The co-chair of Turkey’s leftist, pro-Kurdish Peoples’ Democratic Party (HDP) has accused the ruling Justice and Development Party (AKP) of acting as “an extension of ISIS” (Islamic State) in an emotional defense of Syrian Kurdish militias that President Recep Tayyip Erdogan has declared terrorist groups tied to the Marxist Kurdistan Workers’ Party (PKK).
Following a suicide bombing in the center of the nation’s capital, Ankara, last week, Erdogan declared that evidence indicated the Kurdish People’s Protection Units (YPG and YPJ) in Syria were responsible for the attack. Turkey began launching airstrikes on YPG targets in Syria the night of the bombing and have vowed to eliminate the YPG.

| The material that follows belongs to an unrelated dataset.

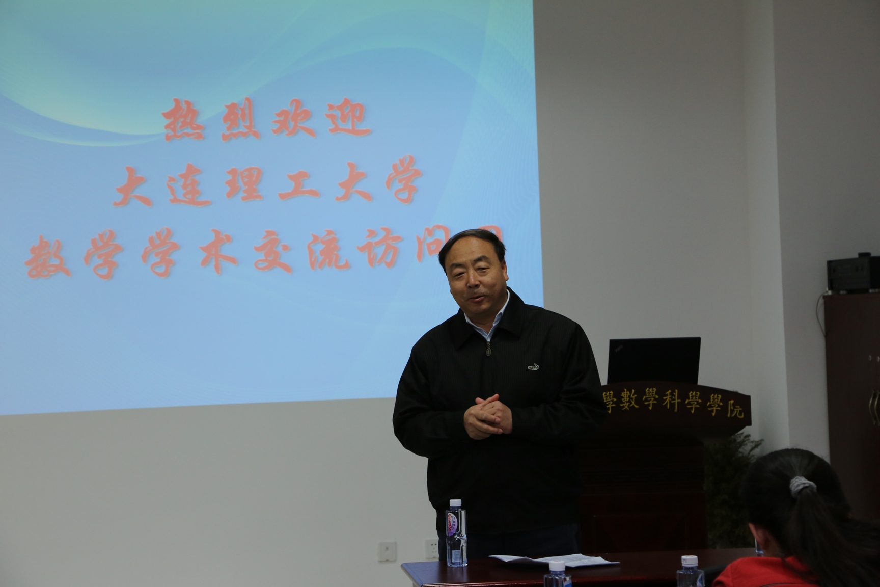 上午和下午的学术报告会由雷逢春副院长和许传炬副院长主持,双方代表奉献了10场精彩的学术报告。大连理工大学王毅教授、刘秀平教授、朱春钢教授、韩志清教授、丛洪兹博士和王晓光博士分别做了题为《Total positivity of Riordan-like arrays》、《基于低秩表示的某些数字几何问题处理》、《Toric曲面的几何性质》、《Existence of a ground state solution for a quasilinear Schrödinger equation》、《Long time stability of KAM tori for some Hamiltonian PDES》、《Robust estimation for survival partially linear single-index models》的学术报告,我院张莲珠教授、曹娟副教授、刘轼波教授、王海斌教授分别做了题为《Graphs with Pfaffian orientations》、《Approximation by Piecewise Polynomials on Voronoi Tessellation》、《Standing waves of nonlinear Schrodinger-Poisson system》、《Multivariate Partially Linear Single-Index Models: Bayesian Method》的学术报告。学术报告会取得圆满成功。

The HDP considers the YPG and YPJ, among the most successful militias currently fighting the Islamic State in Syria, ideological allies. HDP co-chair Selahattin Demirtas delivered an impassioned speech Tuesday defending against Ankara’s claim that the YPG are “an extension” of the PKK. “What kind of an enmity against Kurds is this that they (AKP) await a bombing in some part of the country just to accuse the PYD?” Demirtas asked, adding, “Is there any better terror extension than you (AKP)? You are the extension of ISIS.”

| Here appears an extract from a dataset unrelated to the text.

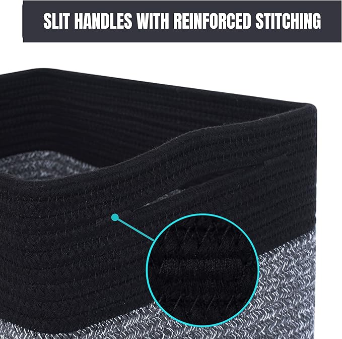 MINTWOOD Design 3-Pack Storage Baskets for Shelves, Playroom and Classroom Storage Basket, Book Basket, Decorative Storage Cube Bins, Woven Closet Organizers, Pantry and Shoe Organizer, Black Grey Mix

Demirtas is echoing a recurring attack line on the part of anti-Turkish Russian propaganda outlets that the Erdogan government has ties to the Islamic State. Russian state-controlled outlets have repeatedly claimed that Turkey buys Islamic State oil, thus funding the terrorist group. When Russia Today published photos allegedly showing ISIS oil traveling to Turkey, however, the Kurdistan Regional Government (KRG) of Iraq identified the truck in the photos as their own; Turkey is known to trade with the KRG.

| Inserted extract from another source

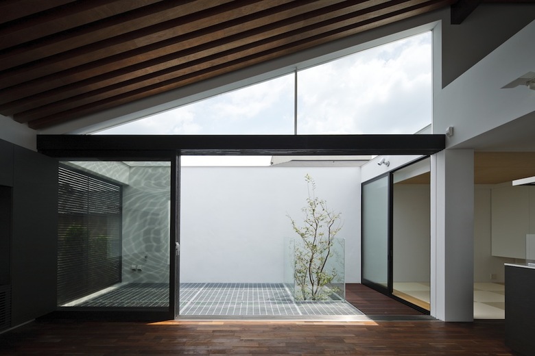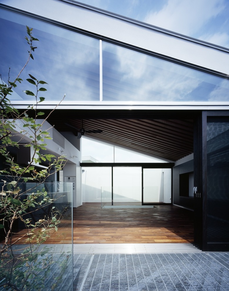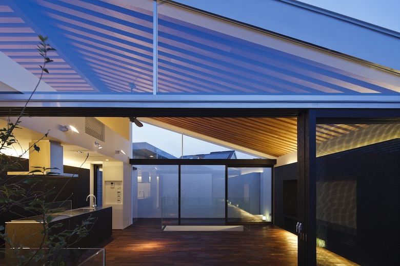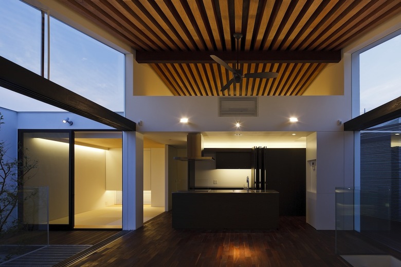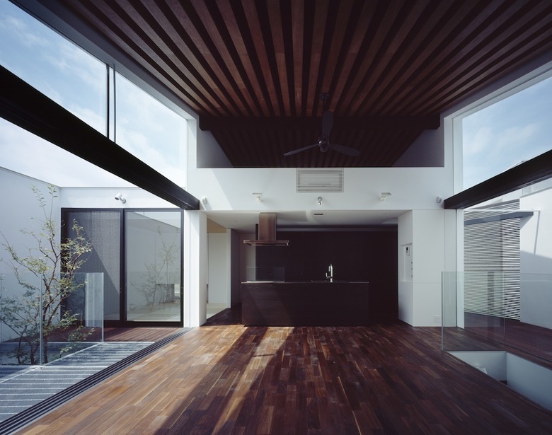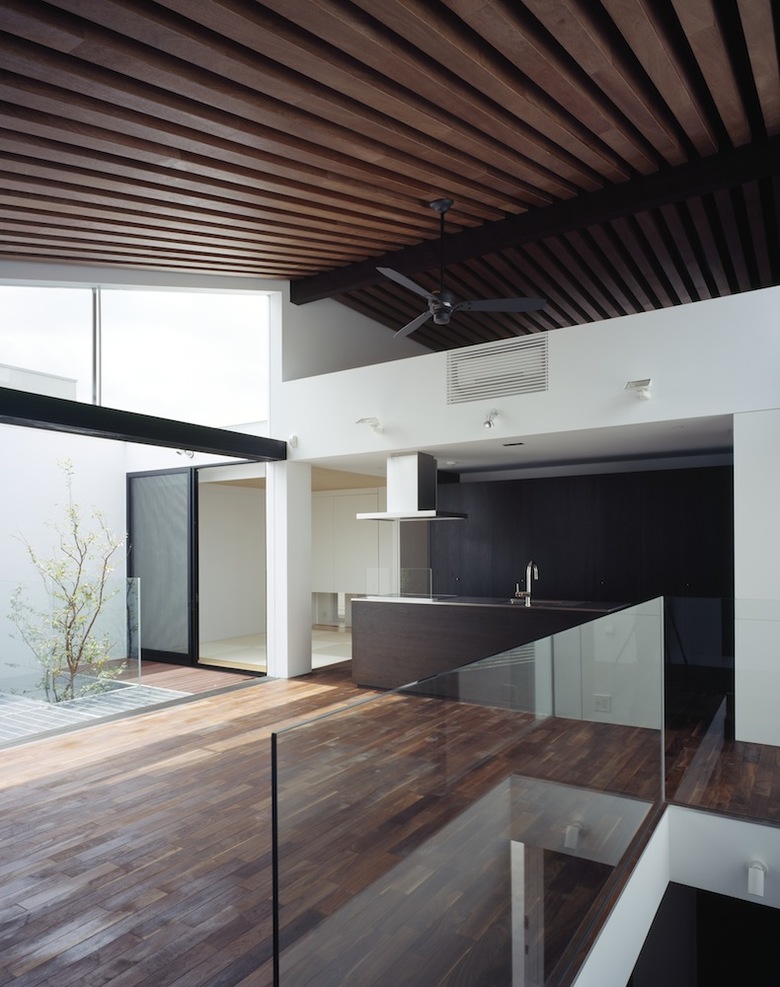 玄関脇から直階段を昇ると現れるのが吹き抜けのファミリールーム。両側に設けた大開口によって切り取られた空の景色が室内に取り込まれ、3枚の木製引戸を全開することで内外が連続する仕掛けだ。アイランドキッチン脇に設けたコンパクトな和室は客間としても利用が可能。バスルーム等水廻りを含めた全空間が外庭と連続しているが、繊細な木製ルーバーにより隣家や街路からの視線が遮られ、プライバシーと開放性を両立させている。垂木と野地板の色味を塗り分けたファミリールームの勾配天井の現しが室内に浮かび上がり、子供の遊び場として設えたロフトと吹き抜けを介してダイナミックに連続している。

More recently, however, accusations of cooperation between the Turkish government and the Islamic State have surfaced from more reputable outlets than Russia’s. This week, the Turkish newspaper Cumhuriyet claimed to have evidence of cooperation between ISIS leaders and border patrol officers to allow jihadists to travel back and forth across the Turkish-Syrian border. Cumhuriyet’s editor-in-chief is currently facing a life sentence for approving a report last year that claimed that Turkey’s intelligence agency was arming anti-Assad militias in Syria.
Erdogan has responded to the HDP’s defense of the YPG by calling for Demirtas and other members of the party to be stripped of legislative immunity and be prosecuted for supporting “terrorism.”
“Nowhere in the world can you see a politician backing a suicide bomber,” Erdogan said this week. The suicide bomber in question is that of the Ankara bombing this month, which the Turkish government was quick to identify as a member of the YPG.
Shortly after that claim surfaced, however, a different group took credit for the attack. The Kurdistan Freedom Falcons (TAK), a group associated with the PKK, issued a statement assuming responsibility for the attack. It identified the bomber as TAK member Abdulbaki Sonmez; the Turkish government had previously named YPG member Salih Neccar as the bomber. Erdogan has made clear on numerous occasions, most recently this week, that the Turkish government “does not distinguish” between Syrian Kurdish groups and terrorist organizations.
The United States, however, does. The PKK is a U.S.-designated terrorist organization, while the YPG is a U.S. ally on the ground in the war against ISIS. Pentagon Press Secretary Peter Cook said on Tuesday that American officials are working to convince Erdogan’s government to distinguish between these groups, as the war to destroy ISIS may depend on how well armed and organized Kurdish groups on the ground are. Americans, he said, have “had conversations with Turkey at length about the situation in Syria specific with the Kurds, and again, we’ve expressed our support for groups on the ground that are taking the fight to ISIL [Islamic State in Iraq and the Levant].”